Buchrezension Alexej Nawalny: Vom Kleinaktionär zum inhaftierten Oppositionsführer

Der russische Oppositionsführer ist Putins wichtigster Gegner.
Berlin Der Hochsommer bietet an Russland und an Wirtschaft interessierten Lesern nicht nur hochspannende Nachrichten aus dem Land vor einer weichenstellenden Dumawahl im September, sondern auch zwei lesenswerte Bücher: eines über den inhaftierten Oppositionellen Alexei Nawalny, eines mit Reden bei seinen Verurteilungen von ihm selbst.
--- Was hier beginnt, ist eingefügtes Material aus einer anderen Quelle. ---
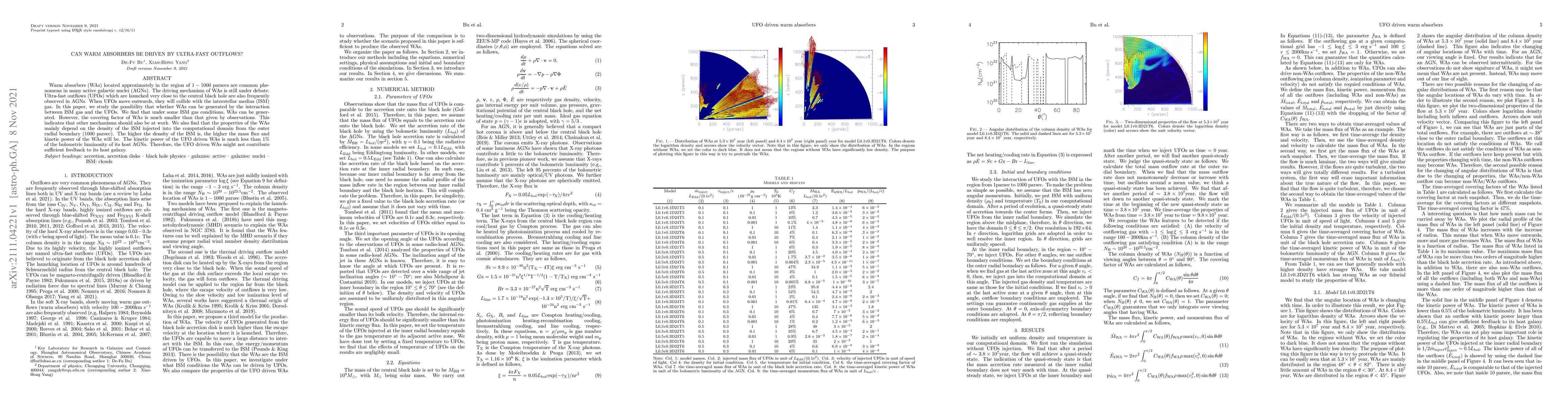 Research suggests that warm absorbers in active galactic nuclei can be driven by ultra-fast outflows, but the covering factor is smaller than observed, indicating other mechanisms may also be at play.
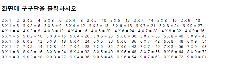 <%@ page language="java" contentType="text/html; charset=EUC-KR" pageEncoding="EUC-KR"%> <!DOCTYPE html> <html> <head> <meta charset="EUC-KR"> <title>Insert title here</title> </head> <body> <h2>화면에 구구단을 출력하시오</h2> <% for(int i=2;i<10;i++){ for(int j=1;j<10;j++){ %> <%= i%> X <%=j %> = <%=i*j%> <% } %> <br> <% } %> </body> </html>

Sie ergänzen sich gut.
Denn das von drei Politikwissenschaftlern aus Deutschland, Frankreich und England verfasste Buch „Nawalny. Seine Ziele, seine Gegner, seine Zukunft“ liefert ein differenziertes und aufschlussreiches Bild des derzeit trotz seiner Inhaftierung wichtigsten Widersachers von Kremlchef Wladimir Putin. Aber es fehlt das ebenso beißende wie treffende Wort Nawalnys selbst, das in „Schweigt nicht! Reden vor Gericht“ dafür umfassend zu Gehör kommt.
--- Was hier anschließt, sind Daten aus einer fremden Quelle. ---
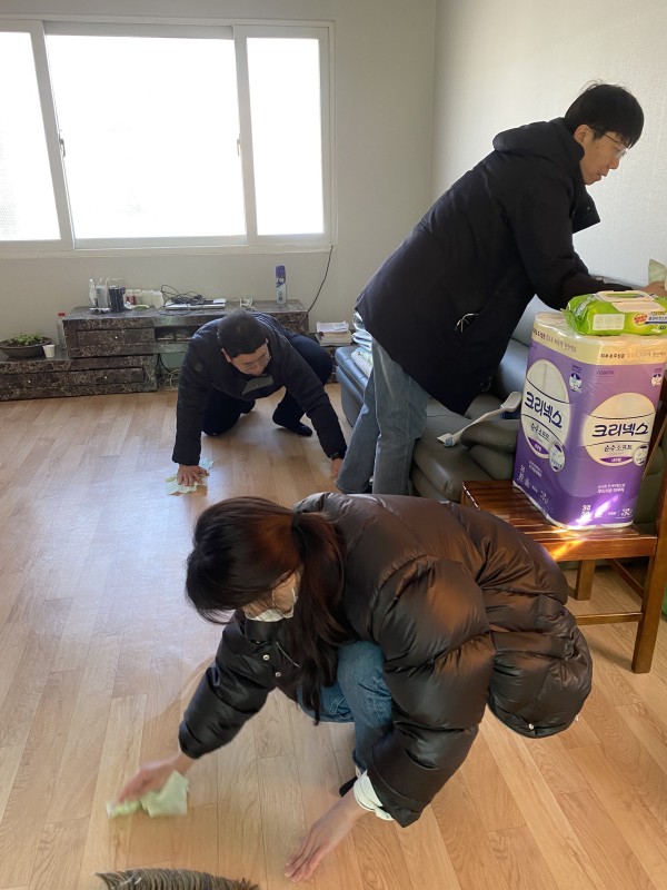 1. 활동내용: 어르신댁 주거환경개선 청소봉사(주방, 냉장고, 욕실 청소, 바닥 청소, 쓰레기수거 등)
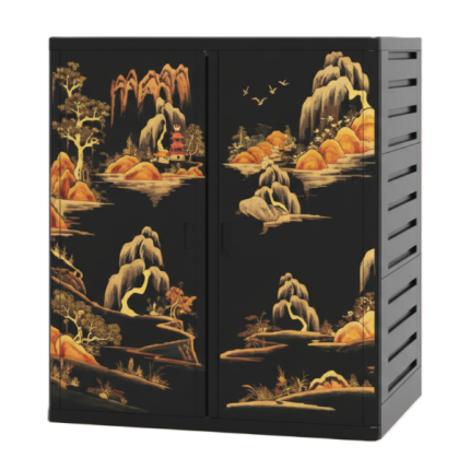 This elegant two-door Multipurpose Almira, featuring the distinctive "Sonali" design, this three rack shoe cabinet offers a unique blend of functionality and traditional artistry. Made from high-quality, durable plastic, it provides a lightweight, easy-to-clean, and moisture-resistant storage solution. The almira is distinguished by its dramatic black base color adorned with rich gold and yellow traditional-style landscape decals, depicting mountains, pagodas, trees, and flying birds. With its compact measurements of (Length x Width x Height), it is perfect for smaller living spaces. A key feature is the inclusion of a lock, adding necessary security. The "Sonali" almira is an excellent choice for those seeking a practical yet stylish piece that complements both modern and classic decor.
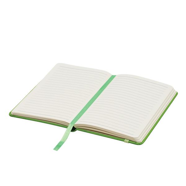 Notes ATTENDANT w formacie A6, z zaokrąglonymi rogami, zamykany gumką, z wszytymi zakładkami, 80 kartek w linie, gramatura ok. 80 g/m2. Materiał: Papier Kolor: zielony Tagi: notebooki,akcesoria biurowe

Es gelingt den Autoren, Nawalny als „komplexe Figur“ vorzustellen und zu ergründen: von einem Kleinaktionär, der mit seinen furchtlosen Nachfragen auf Hauptversammlungen die mauernden Vorstandschefs großer russischer Konzerne in die Ecke treibt und zumindest kleine Blicke hinter die Mauern aus Korruption und Verschwendung firmeneigenen Kapitals erlaubt, bis hin zum wichtigsten Oppositionellen.
Der recherchiert mit seinem – inzwischen als „terroristisch“ (!) – verbotenen Anti-Korruptionsfonds die milliardenschweren Machenschaften führender Politiker aus dem Putin-Umfeld, ranghoher Beamter und der Oligarchen genannten Superreichen mit ihren Beziehungen zum Kreml und führt sie in spannend erzählten und gut belegten Videos einem immer wütender werdenden Volk im Internet vor. Denn in den zumeist staatlich kontrollierten Medien werden Nawalny und seine hervorragende investigative Enthüllungsarbeit totgeschwiegen.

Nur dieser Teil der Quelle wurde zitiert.